Advantages: - Prometheus controls scrape timing - Easy to detect if a target is down - No need for targets to know about Prometheus - Simpler target configuration
Configuration Example:
scrape_configs:
- job_name: 'node'
static_configs:
- targets: ['localhost:9100']
scrape_interval: 15s
Push Model (Pushgateway)¶
Applications push metrics to an intermediary (Pushgateway).
Use Cases: - Short-lived batch jobs - Jobs behind firewalls - Legacy systems that can't expose endpoints
When to Use Push:
# Push metrics to Pushgateway
echo "job_completion_time $(date +%s)" | curl --data-binary @- http://pushgateway:9091/metrics/job/batch_job
Important: Pushgateway should NOT be used as a general metrics aggregator.
Service Discovery¶
Service discovery automatically finds and monitors targets without manual configuration.
Static Configuration¶
scrape_configs:
- job_name: 'static_targets'
static_configs:
- targets: ['server1:9090', 'server2:9090']
Kubernetes Service Discovery¶
scrape_configs:
- job_name: 'kubernetes-pods'
kubernetes_sd_configs:
- role: pod
relabel_configs:
- source_labels: [__meta_kubernetes_pod_annotation_prometheus_io_scrape]
action: keep
regex: true
File-based Service Discovery¶
scrape_configs:
- job_name: 'file_sd'
file_sd_configs:
- files:
- '/etc/prometheus/targets/*.json'
refresh_interval: 5m
DNS Service Discovery¶
scrape_configs:
- job_name: 'dns_sd'
dns_sd_configs:
- names:
- 'myservice.example.com'
type: 'A'
port: 9090
SLAs, SLOs, and SLIs¶
Service Level Agreement (SLA)¶
A formal agreement between a service provider and customer defining expected service levels.
Example:
"The service will be available 99.9% of the time, measured monthly.

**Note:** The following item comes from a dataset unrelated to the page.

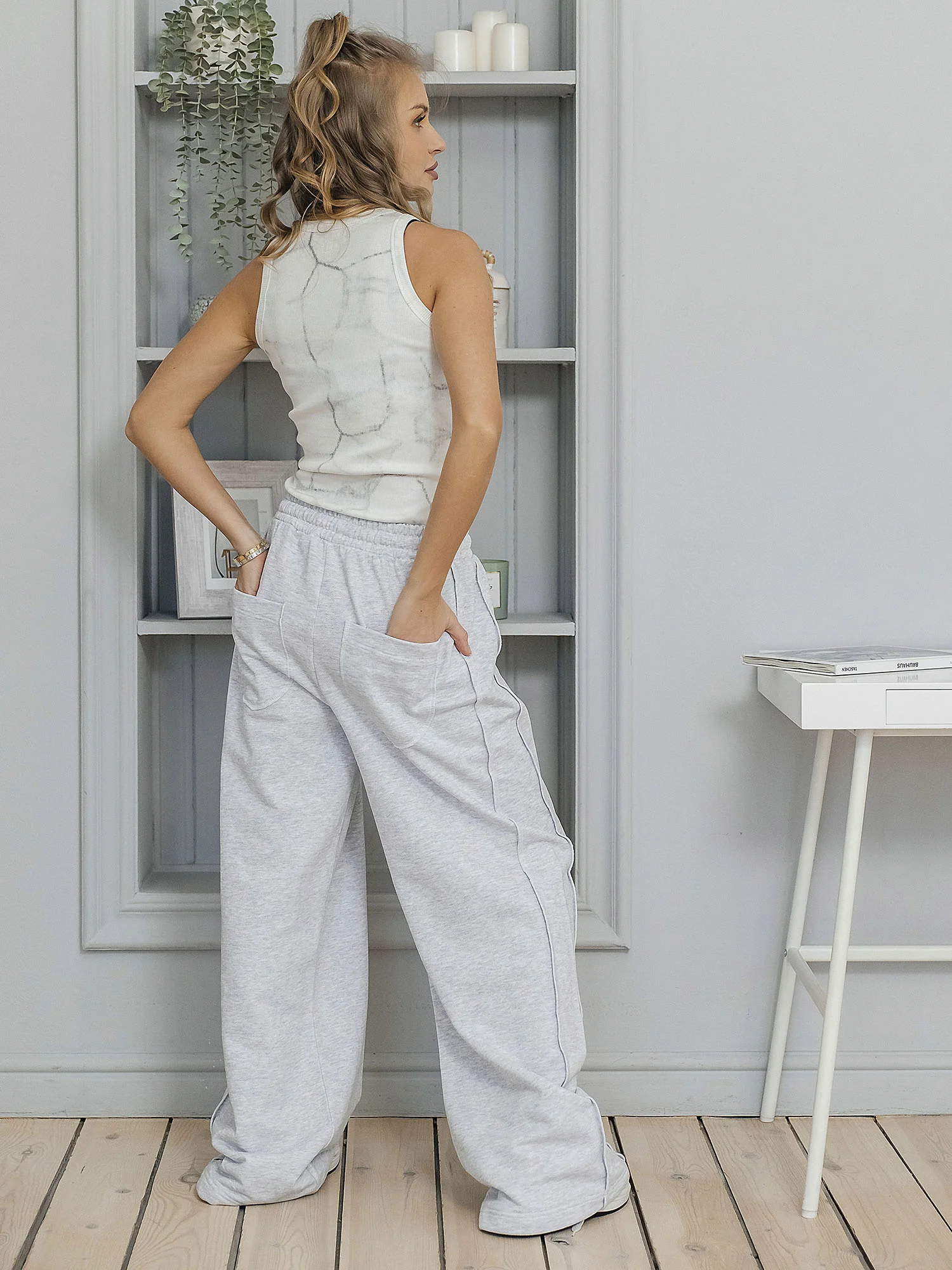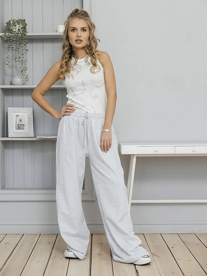 Брюки спортивные из футера 3-х нитки (80% хлопок, 20% полиэстер). Мягкий, эластичный и плотный материал комфортно прилегает к телу, сохраняет форму и обеспечивает свободу движений в течение всего дня. Универсальная модель для спорта и повседневной носки. Цвет — серый меланж.

If availability falls below this threshold, customers will receive a 10% credit."
Service Level Objective (SLO)¶
Internal targets that teams aim to achieve to meet SLAs.
Example:
SLO: 99.95% availability (stricter than SLA)
SLO: 95th percentile latency < 200ms
SLO: Error rate < 0.1%
Service Level Indicator (SLI)¶
The actual metrics used to measure service performance.
Common SLIs:
# Availability SLI
sum(rate(http_requests_total{status!~"5.."}[5m])) / sum(rate(http_requests_total[5m]))
# Latency SLI (95th percentile)
histogram_quantile(0.95, rate(http_request_duration_seconds_bucket[5m]))
# Error Rate SLI
sum(rate(http_requests_total{status=~"5.."}[5m])) / sum(rate(http_requests_total[5m]))
Error Budgets¶
The acceptable amount of unreliability based on SLO.
SLO: 99.9% availability
Error Budget: 0.1% (43.2 minutes/month)
If error budget is exhausted:
- Freeze feature releases
- Focus on reliability improvements
Key Concepts Summary¶
| Concept | Description | Example |
|---|---|---|
| Metrics | Numerical measurements over time | CPU usage, request count |
| Logs | Discrete event records | Error messages, access logs |
| Traces | Request flow through system | Distributed transaction path |
| Pull | Prometheus scrapes targets | Default Prometheus model |
| Push | Targets push to gateway | Batch jobs, short-lived processes |
| SLA | Customer agreement | 99.9% uptime guarantee |
| SLO | Internal target | 99.95% availability target |
| SLI | Actual measurement | Current availability percentage |
Practice Questions¶
- What are the three pillars of observability?
- When should you use the Pushgateway instead of the pull model?
- What is the difference between an SLA and an SLO?
- Name three types of service discovery supported by Prometheus.
- What is a span in the context of distributed tracing?